Trata-se de uma dúvida perturbadora, um mistério que atormenta os seres humanos
desde a Antiguidade. Com base em questionamentos sobre nossa existência,
apareceram, no decorrer dos anos, diversas teorias que tentam explicar a origem
da vida na Terra. Na segunda metade do século 19, o inglês Charles Darwin
apresentava ao mundo a teoria da evolução. Nessa teoria, o homem é visto como
um resultado de mudanças que ocorreram com o passar do tempo. Foram necessários
vinte anos de estudos e pesquisas em diversos ambientes para que Darwin
publicasse essa teoria, uma vez que, naquela época, as crenças religiosas
contrariavam suas descobertas. Desse modo, apenas em 1859, lançou o livro A origem das espécies através da seleção natural. Nessa obra o
naturalista defende que apenas os seres mais adaptados ao seu meio sobrevivem e
passam suas modificações para as próximas gerações. Essa ideia causou muitos
debates na comunidade científica e religiosa.
As
discussões ainda perduram nos dias atuais, já que a teoria criacionista é bem
aceita pela população em geral, principalmente por estar de acordo com os
relatos bíblicos.

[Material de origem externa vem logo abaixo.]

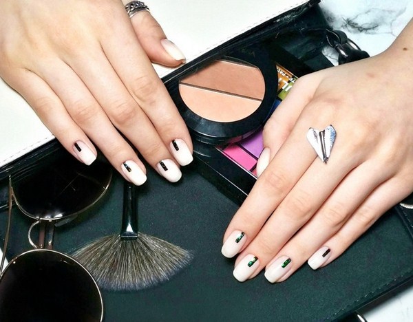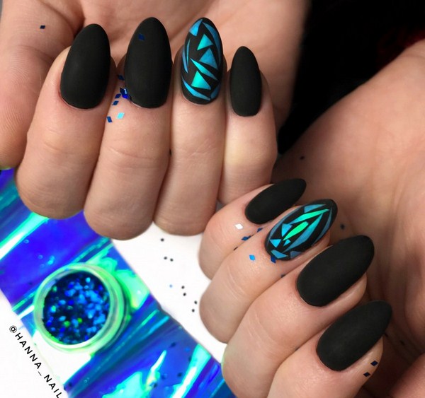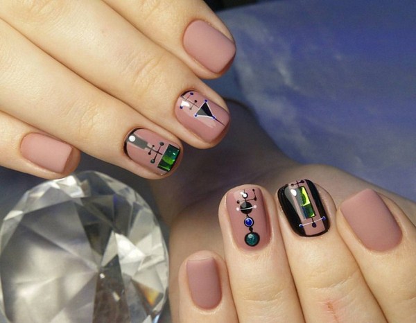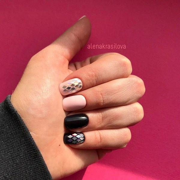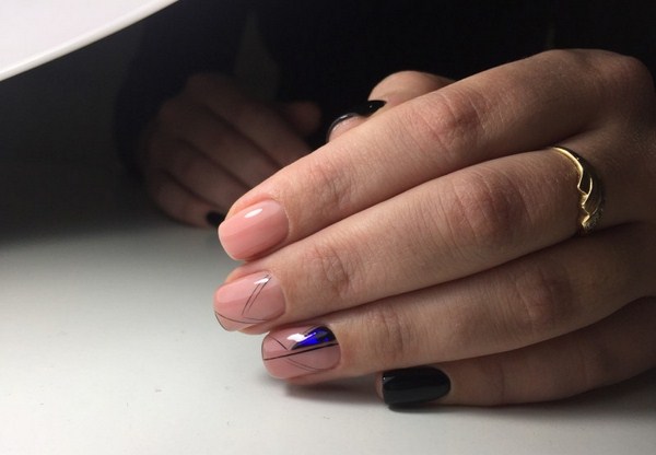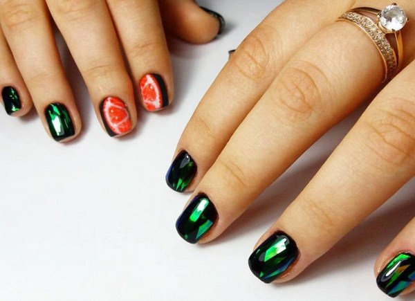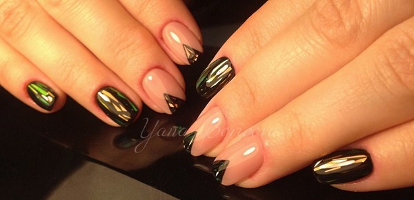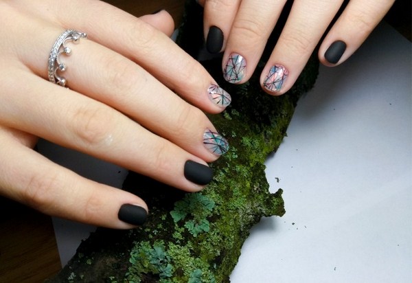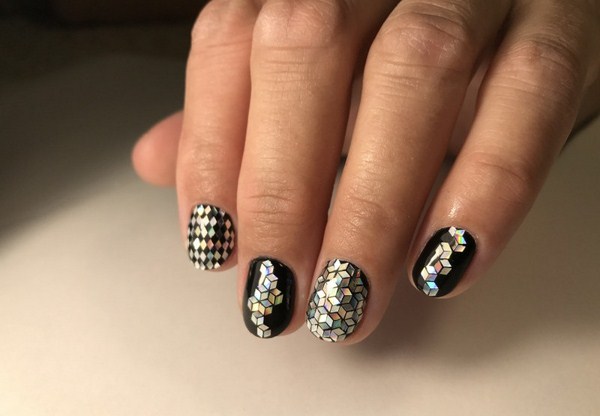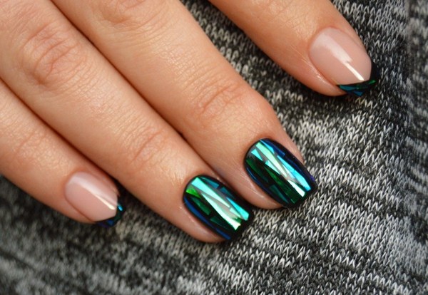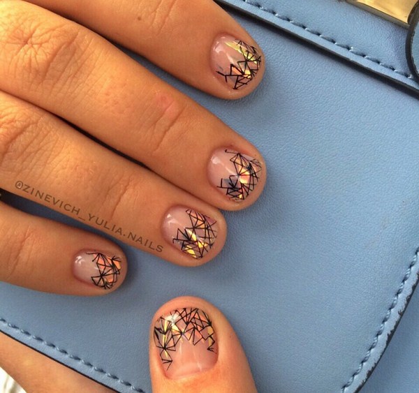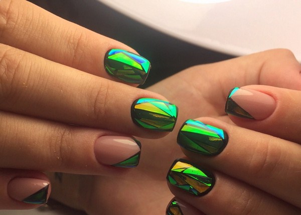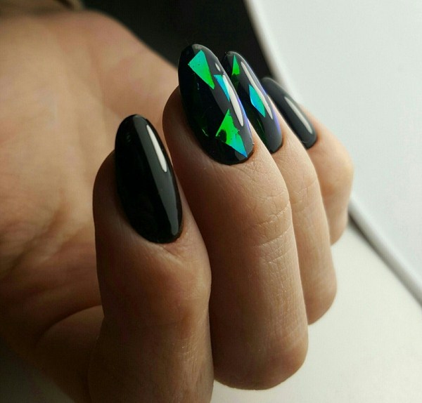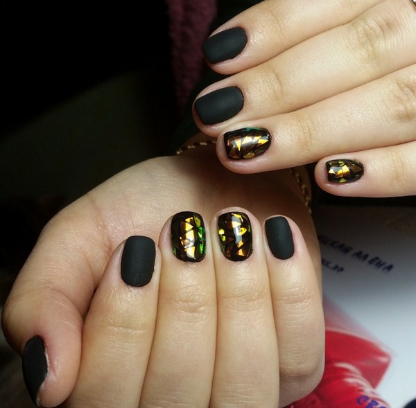 L'un des plus spectaculaires peut être appelé manucure noire "verre brisé". Grâce au revêtement sombre, les morceaux de film semblent plus brillants, en particulier les tons doré et argenté de la manucure en verre brisé.
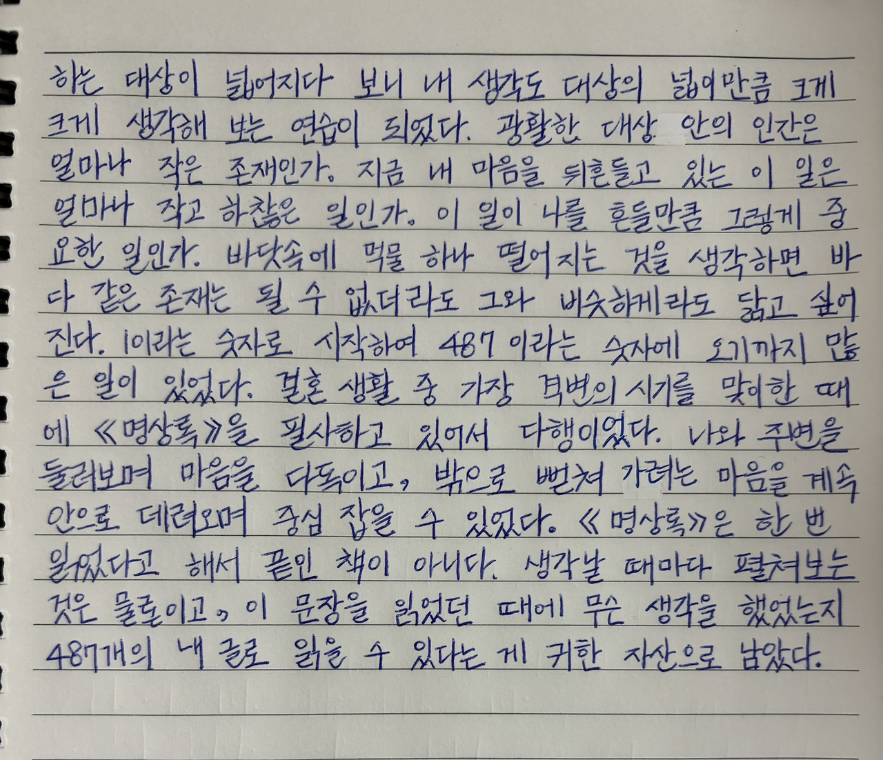 필사하는 동안 내게 일어난 변화로 무엇이 있을까.
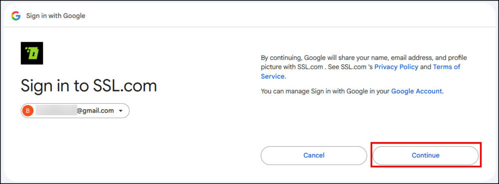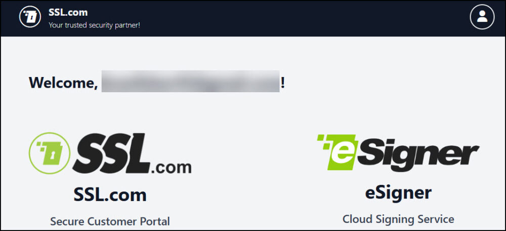- Your SSL.com account is now created through your Google account! From here, you can choose to login to the Secure Customer Portal or the eSigner Cloud Signing Service.
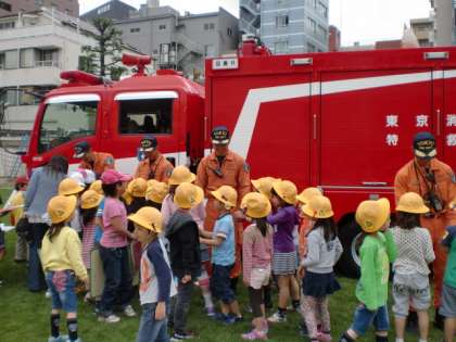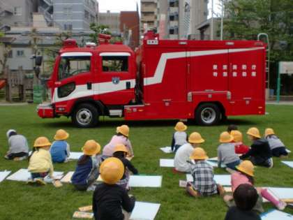 ですが、子供達は、消防士さんが急いで出動準備をする姿を間近で見ることができました。あまりに支度が早いので、「すごーい!」と感心していました。
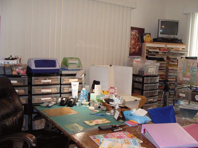 The other day when I was looking through my cards, I found this one. I'd forgotten I'd even made it. I have cards that I will never send, mostly because I can't bring myself to let them go. This is one of them. I don't know why I can't let it go, maybe the time it took to make it, maybe because the paper was one of a kind, maybe because the flowers took some time to make, maybe because it has yellow in it....yellow is my favorite color. Karen gave me the doily and I've never seen one like it before. I don't know....but for whatever reason....it's not going anywhere, but on my blog! Thanks for letting me share. Now on too........ My desk......
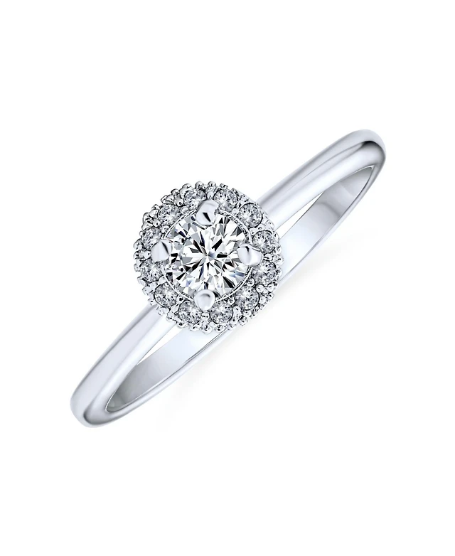 Bling Jewelry Classic Cubic Zirconia Cz Halo Round Solitaire Promise Ring Sterling Silver Thin 2MM Plain Band
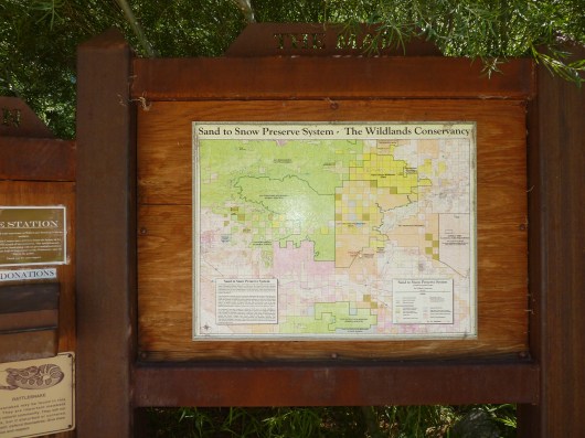 The map at the trailhead leading out from the Whitewater Canyon Preserve (CA) ranger area. Be sure to read the signs and make sure you don’t need any special use permits for your day-hikes!
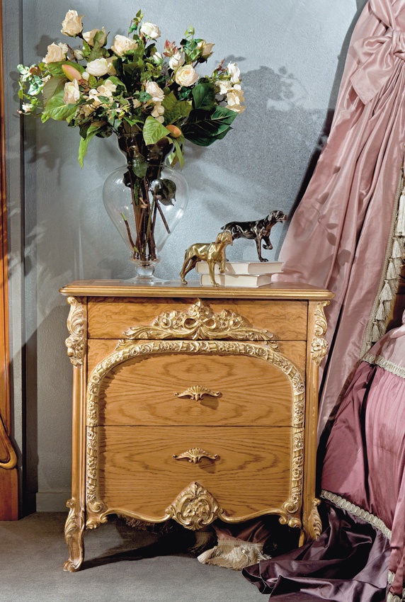Bedside table from Prestige Italian manufacturer of Medea. The frame is made from solid wood. The model is decorated with handmade carving. In the center of the overlay with floral ornament. The metal fittings. A perfect choice for bedrooms in classic style.
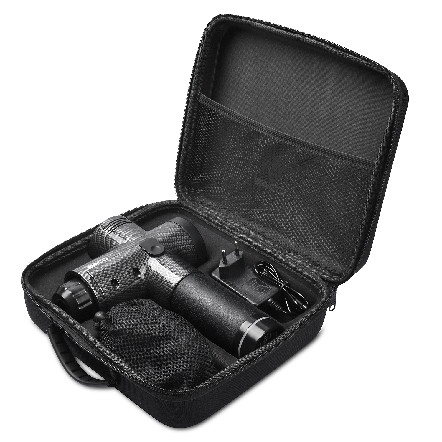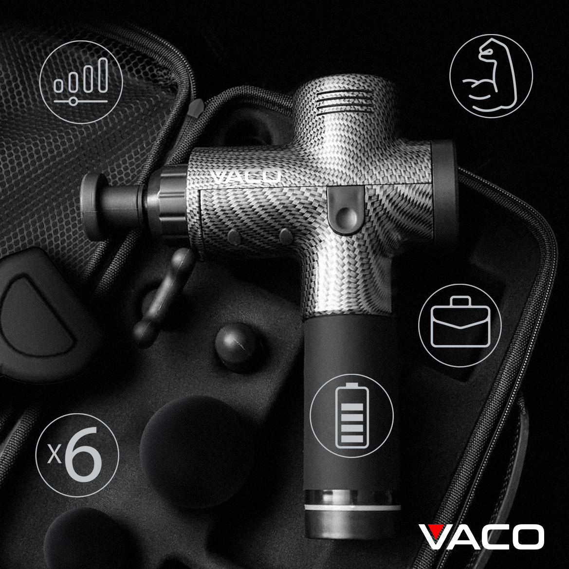 Masażer z akcesoriami zapakowany jest w estetyczną i wytrzymałą walizkę. W ten sposób możesz zabrać masażer VACO w podróż, do pracy, czy na siłownię.
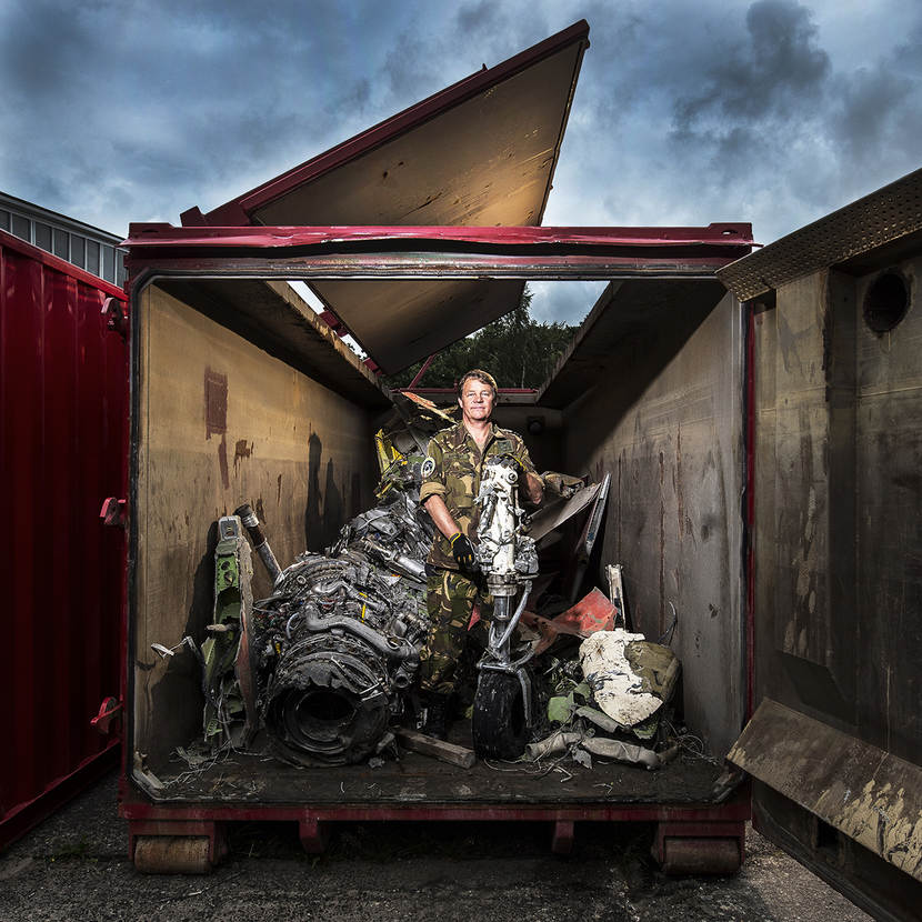 “Prio 1 voor een vliegtuigberger is natuurlijk een actuele crash. Zoals onlangs bij de Luchtmachtdagen die Zwitserse kist die naar beneden kwam. Vlieger gelukkig ongedeerd aan zijn parachute geland in een kas, het vliegtuig in duizenden stukken in de bodem van een vijver. Je probeert dan zo snel en goed mogelijk te bergen, de rommel op te ruimen en vervuiling van de bodem door brandstof- en olielekkage in te dammen. Al duurde het toch nog even voor we konden beginnen, want er was wat gesteggel over wie de kosten voor rekening ging nemen...
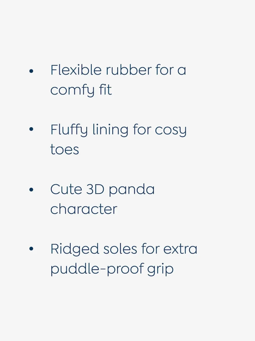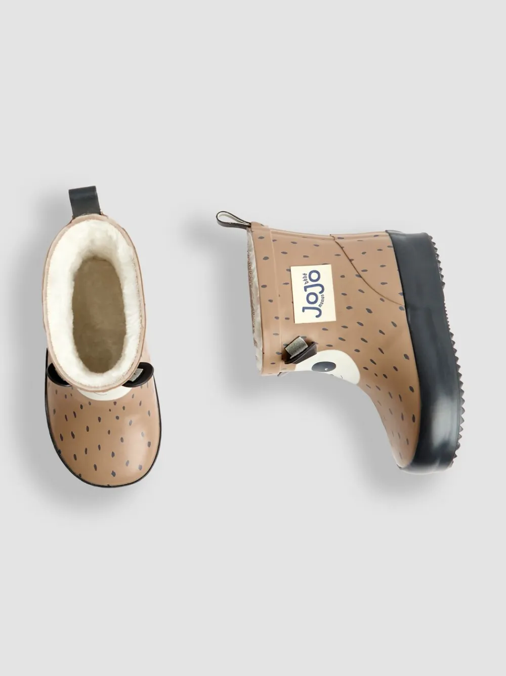 Our wellies are without a doubt one of our most popular picks, and this season they re available in this modern ankle-length style complete with cosy fleece lining and a playful panda character design! Soft, supple and comfier for little feet than plastic Wellington boots, these are perfect for muddy puddle jumping, with a ridged, grippy sole that gives a little extra stability on wet ground. • Brown ankle height wellies • Panda design to front • Speckled all over print • 3D ears • Cosy lined • Back tab for easy slip on • Ridged soles for better grip • Wipe clean only Hoofdbestanddeel – overige materialen, bovenwerk – overige materialen. Voering en voetbed – overige materialen, zool – Andere materialen.
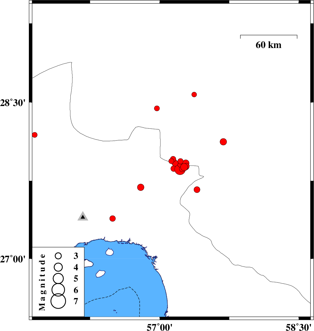 | 2017/10/26 | 09:15:13.3 | 12:45:13.3 | 27.939 | 57.126 | 14 | ML2.6 | Kerman Province, 56 km -West of Kahnuj | ||

Quem segue uma religião cristã já se deparou com um dilema ao
estudar na escola a teoria da evolução, pois a crença tradicional é a de que
Deus criou o mundo e seus primeiros habitantes foram Adão e Eva, conforme
consta na Bíblia.
A
mestre em Biologia Marinha Natália Alves explica que a vida teria surgido da
água através de processos evolutivos e, posteriormente, a seleção natural. Essa
etapa, que compõe o início da teoria da evolução, é conhecida como evolução
molecular. “A partir de compostos inorgânicos como carbono, hidrogênio,
oxigênio, nitrogênio, dentre vários outros, foram realizadas combinações por
meio de reações químicas, dando origem a outras moléculas orgânicas com maior
complexidade”, afirma.
A
bióloga cita, por exemplo, as proteínas e os carboidratos e relata que essas
moléculas são essenciais para os seres vivos. As séries de reações químicas que
teriam ocorrido para dar origem à vida só teriam sido possíveis devido à
presença das moléculas de água no estado líquido.
Existe
uma terceira teoria que tem conquistado espaço na comunidade científica e
agradado alguns religiosos. Trata-se do design
inteligente, inicialmente proposta pelo teólogo William Paley, em 1831. Essa
teoria tenta provar que certas características da vida na Terra são mais bem
explicadas se considerarmos uma causa inteligente. A linha de pensamento aceita
alguns conceitos expostos por Darwin e procura evidenciar seus erros e acertos.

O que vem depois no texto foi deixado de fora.